Su vida estuvo llena de
peligros, rechazos, ataques personales, palizas y encarcelamientos, y sin embargo afirmó haber aprendido el secreto de
estar contento en toda circunstancia. La fuente de su alegría no era, sin duda,
su situación, lo cual también puede ser cierto para ti.

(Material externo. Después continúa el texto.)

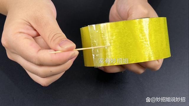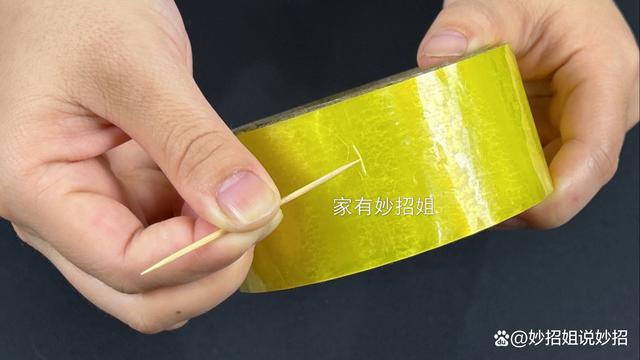 當我們找到膠帶頭后,還可以利用牙簽在膠帶頭的地方戳一戳,把膠帶挑起來一點,這樣我們再來扯膠帶,就非常的輕松了。
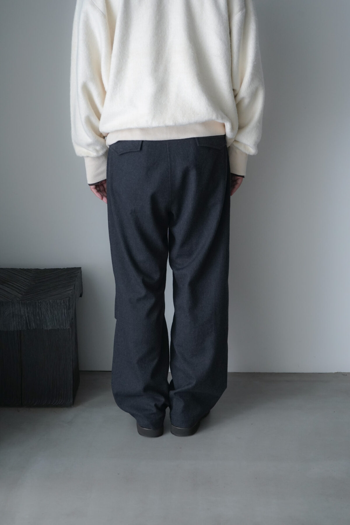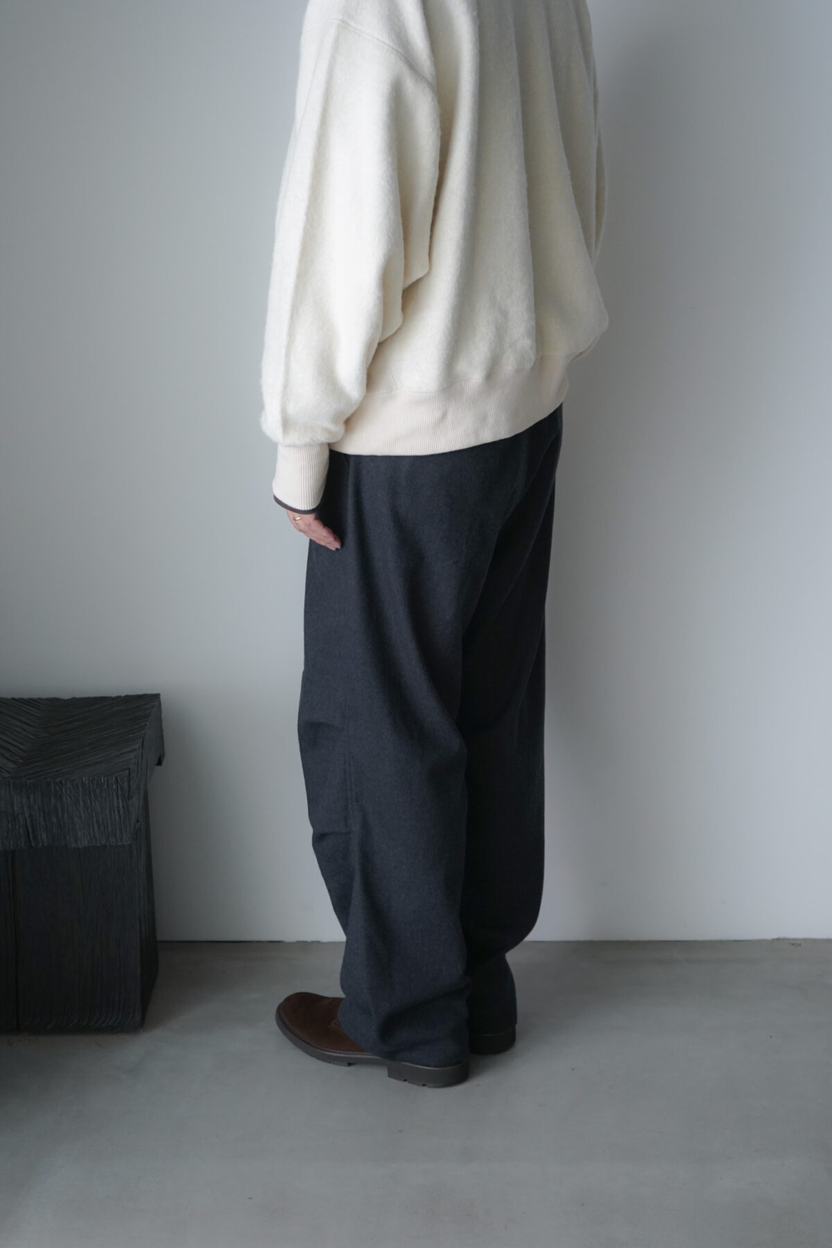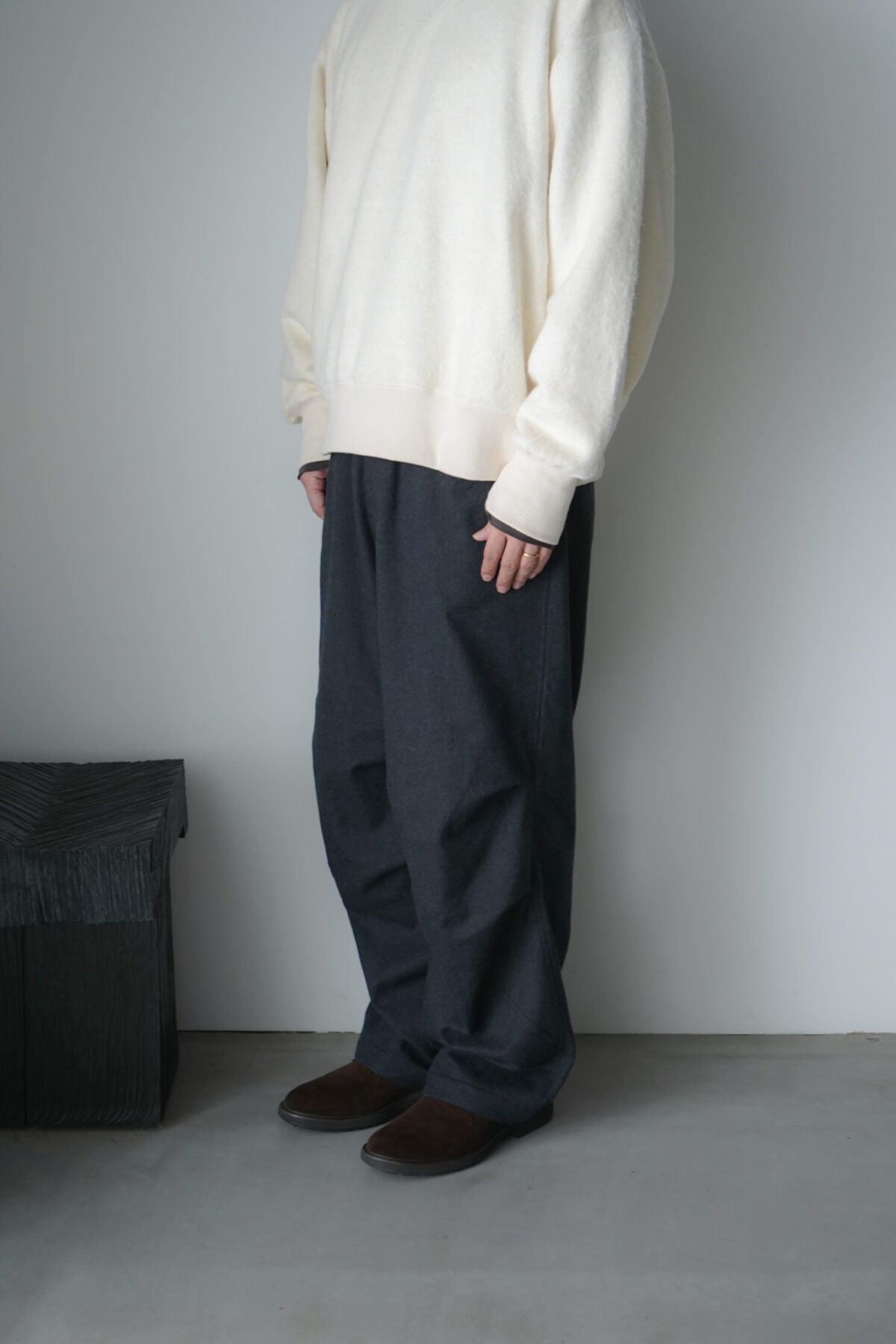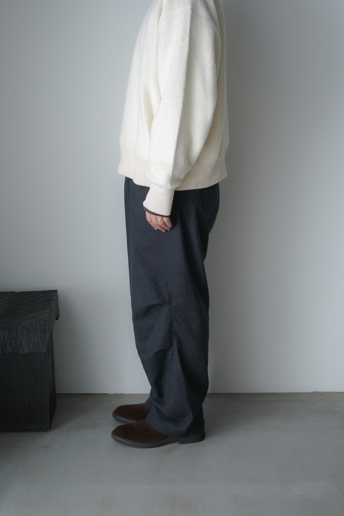 その糸で織、ワッシャー加工する事によりヴィンテージ感な表情のある、ソフトな肌触りのヴィンテージサージウールを使用。

El secreto que él descubrió fue
enfocarse y regocijarse en el Señor. Pablo
sabía que era rico espiritualmente y que había recibido “toda bendición
espiritual en los lugares celestiales en Cristo” (Efesios 1.3). Las comodidades y los placeres de esta vida no eran
dignos de ser comparados con la gloria eterna que le aguardaba (Romanos 8.18).
El contentamiento
es difícil de encontrar, aún más difícil de mantenerlo. Siempre hay algo más
nuevo y mejor que adquirir o una relación más atractiva que procurar.
Es más, las
dificultades de la vida pueden aplastarnos si no mantenemos nuestro enfoque en
el Señor. Cuando te sientas insatisfecho, recuerda lo que tienes en Cristo, y
reacciona de acuerdo con estas verdades, y no con tus sentimientos.
Muy feliz
día. ¡Dios te bendiga!
(Referencia: En.Contacto)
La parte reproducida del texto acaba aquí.